Our difficulties with raising backyard pigs has been no secret. I’ve complained many times about how they have escaped from their pen and damaged one garden or another. Well, now we are building a pig pen with hog panels. Something we hope will hold up much longer and with less drama.
It would be fair to say that our first mistake was not properly training the pigs in a very tight area to fear electric fencing. Instead we immediately put them inside of electric net fencing – something many people have success with – and our pigs promptly found ways to break out of the enclosure.
Problems with Pigs
The pigs have been frustrating us so much. For Jared it usually came in the news of the pigs being out and in a garden, or coming home to find a pig in a garden, with any amount of damage imaginable having already been done. They’ve even taken baths in the fish pond, tipping over the flower pots of moss for the bees and rooting up around the pond. For Jennifer it usually meant having to get the pigs back inside of the fence while Jared was still at work.
We were so tired of it that the decision was made the butcher the pigs. We were done with swine and all their heartache.
The decision was made to wait a month until our local deer processor was open.

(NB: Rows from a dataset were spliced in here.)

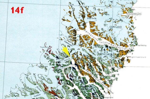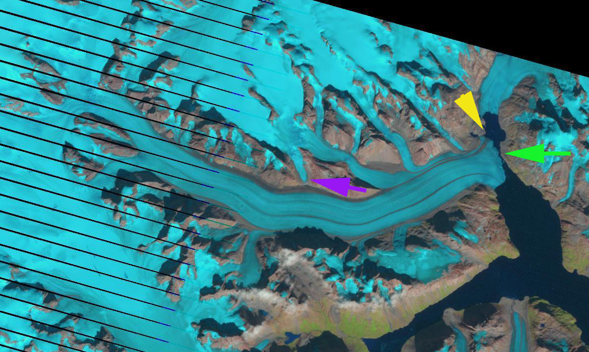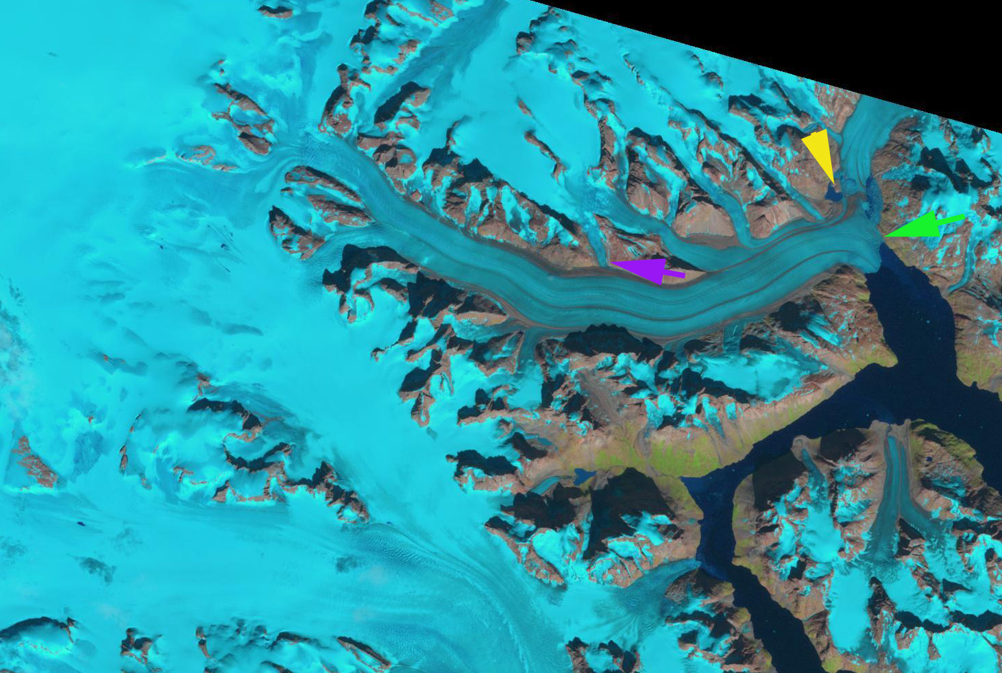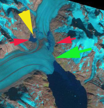 Thrym Glacier’s terminus in 2000 was connected with a second glacier flowing from the north, a branch of the Maelkevejen. The first change since 2000 is the opening of a channel between the terminus of the glacier and the fjord wall (green arrow) on the east side of the valley. This removes a pinning point for the glacier that should enable an increase of calving in the greater water depths. At the junction of the two glacier a lake has developed that now is part of the fjord. This water body has expanded to 2.5 km in length and 1.5 in width (yellow arrow). Upglacier of the terminus the glacier is fed by many tributaries, one of these has separated from the glacier in the last decade and is no longer feeding ice into the system, purple arrow.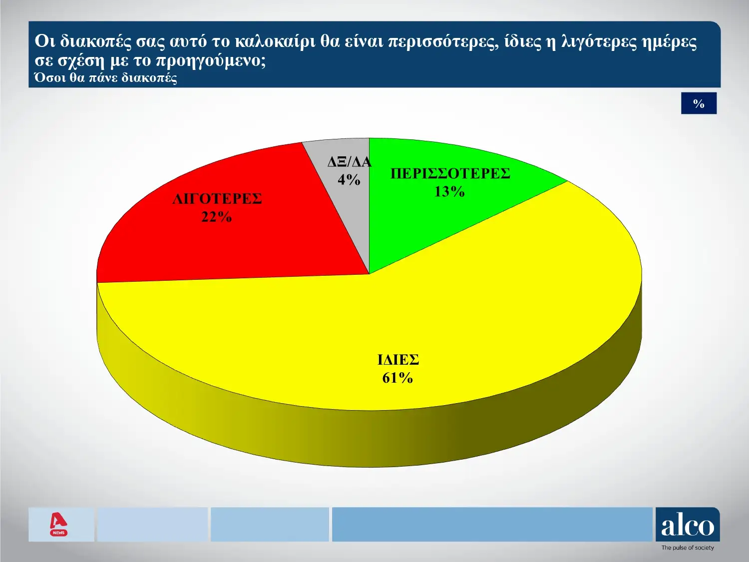 Όσο για το αν θα είναι περισσότερες ή λιγότερες οι φετινές διακοπές, το 61% ίδιες, 13% περισσότερες και 22% λιγότερες.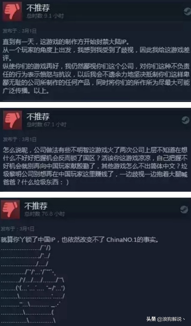 相反Steam上则收到了大量的差评,愤怒的中国玩家将怒火全部撒向了Steam的评论区 一时之间,H1Z1的评论区被中国玩家所刷屏。

However, when that time came, we found out that they are only permitted, by law, to process wild game, not farm raised animals. Apparently it didn’t matter that the meat was for our own use and not for sale.
Our next piece of news came with one of the sows looking quite pregnant. This would be her 2nd farrowing and unlike the first one this seemed to come on very suddenly. One day her teats seemed very full and she seemed much larger than the other sow.
Building a Pig Pen with Hog Panels
Well, we may be fed up with the pigs but we weren’t about to butcher a sow that was about to give birth. So, the decision was made to make a solid non-movable pen for her to farrow in and to let the piglets grow and wean.
We don’t have poultry on the property right now so we decided to re-purpose the chicken coup as a pig shelter. On the outside of the coup we added a 16 x 32 foot area. The inside covered area (the old coop) is about 6 x 14 feet, or so.
The timing of this move couldn’t have been better. As soon as the sow was placed in this new enclosure she started to nest. She was moving flakes of hay around and rooting out a hallow to lay in. The next morning – 9 new piglets: 6 boys and 3 girls.
So, here we are, for at least the next 2 months we’ll be growing out pigs again. We will be butchering the male and waiting to see if the 2nd sow is pregnant as well. More to come!